Items from a data source:
——————————
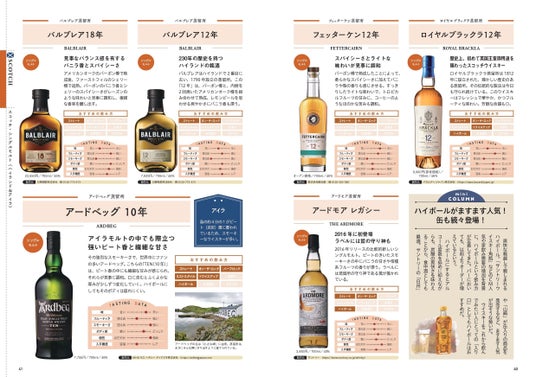スキットルに入れたウイスキーをアウトドアで楽しむ提案や、ハイボール缶の最新事情など、ミニコラムも充実。歴史から製造方法、ラベルの読み方、保存方法、バーでの楽しみ方にいたるまで、知っておきたいウイスキーの基礎知識もしっかりと解説しています。
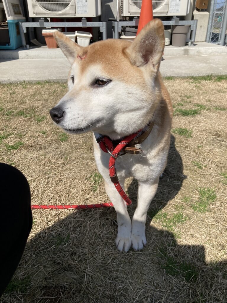 首輪とバンダナを付けたとても人懐こい成犬を保護しています!
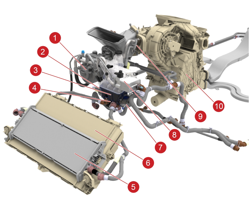 | 1. A/C compressor 2. Powertrain coolant pump 3. Coolant reservoir (superbottle) 4. 5-Way valve 5. Radiator 6. Condenser 7. Battery coolant pump 8. Coolant chiller / Electronic expansion valve (EXV) assembly 9. Thermal expansion valve (TXV) 10. HVAC case |
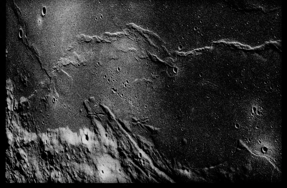 139:48:13 Evans (onboard): In this case, all the swirls seem to be running from west to east, or east to west, as the case may be. They seem to be essentially lined up in that way, like they had blown across and maybe gone around - a low mound or something like that. Concentrating on the cloverleaf - and I'll call that cloverleaf - in the northeastern corner down there, the biggest apparent thing is there, it's quite obvious, that you have lava scarp flowing up and over the - in front of the slump material that has been slumped down inside the crater, at least some of the original base fill. So the lava flow's definitely after that, and it looks like in one area - in what I'll call the south domical structures down there, there's a graben or a flow graben where it has flown - Well, I can't tell if it is in or out of. I am just losing sight of it, now. I'll have to check that out next time around. But I can't tell if it is flowing in or out, but at least it's a breach. There has been a lava flow, either into or out of the south domical feature.
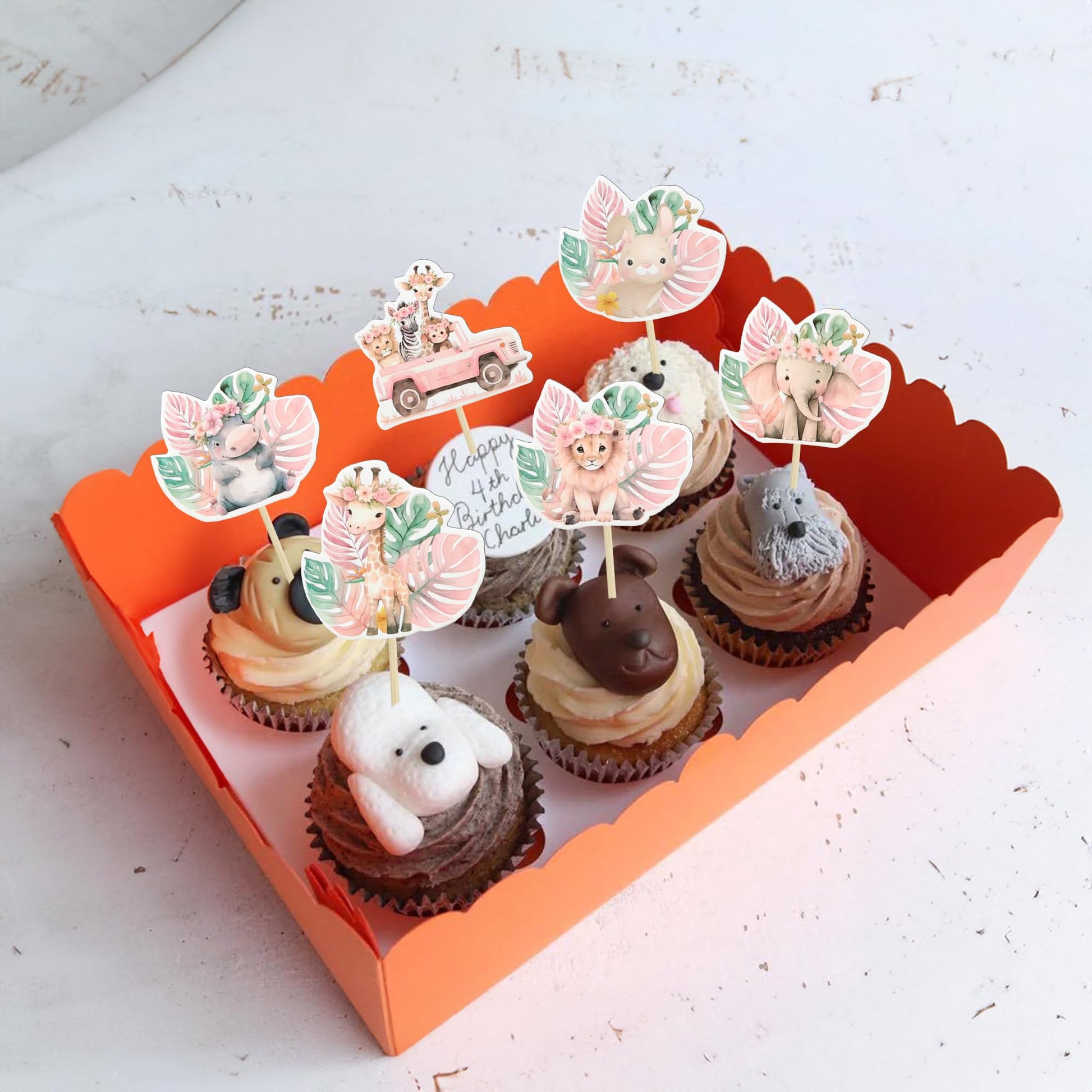 Gyufise 36Pcs Pink Safari Baby Shower Cupcake Topper Floral Jungle Animals Baby Cake Decorations Safari Theme Cupcakes Toppers F
——————————
## What is being asked
Retype each record exactly as it appears above and drop the images.

## Task answer
スキットルに入れたウイスキーをアウトドアで楽しむ提案や、ハイボール缶の最新事情など、ミニコラムも充実。歴史から製造方法、ラベルの読み方、保存方法、バーでの楽しみ方にいたるまで、知っておきたいウイスキーの基礎知識もしっかりと解説しています。
 首輪とバンダナを付けたとても人懐こい成犬を保護しています!
 | 1. A/C compressor 2. Powertrain coolant pump 3. Coolant reservoir (superbottle) 4. 5-Way valve 5. Radiator 6. Condenser 7. Battery coolant pump 8. Coolant chiller / Electronic expansion valve (EXV) assembly 9. Thermal expansion valve (TXV) 10. HVAC case |
 139:48:13 Evans (onboard): In this case, all the swirls seem to be running from west to east, or east to west, as the case may be. They seem to be essentially lined up in that way, like they had blown across and maybe gone around - a low mound or something like that. Concentrating on the cloverleaf - and I'll call that cloverleaf - in the northeastern corner down there, the biggest apparent thing is there, it's quite obvious, that you have lava scarp flowing up and over the - in front of the slump material that has been slumped down inside the crater, at least some of the original base fill. So the lava flow's definitely after that, and it looks like in one area - in what I'll call the south domical structures down there, there's a graben or a flow graben where it has flown - Well, I can't tell if it is in or out of. I am just losing sight of it, now. I'll have to check that out next time around. But I can't tell if it is flowing in or out, but at least it's a breach. There has been a lava flow, either into or out of the south domical feature.
 Gyufise 36Pcs Pink Safari Baby Shower Cupcake Topper Floral Jungle Animals Baby Cake Decorations Safari Theme Cupcakes Toppers F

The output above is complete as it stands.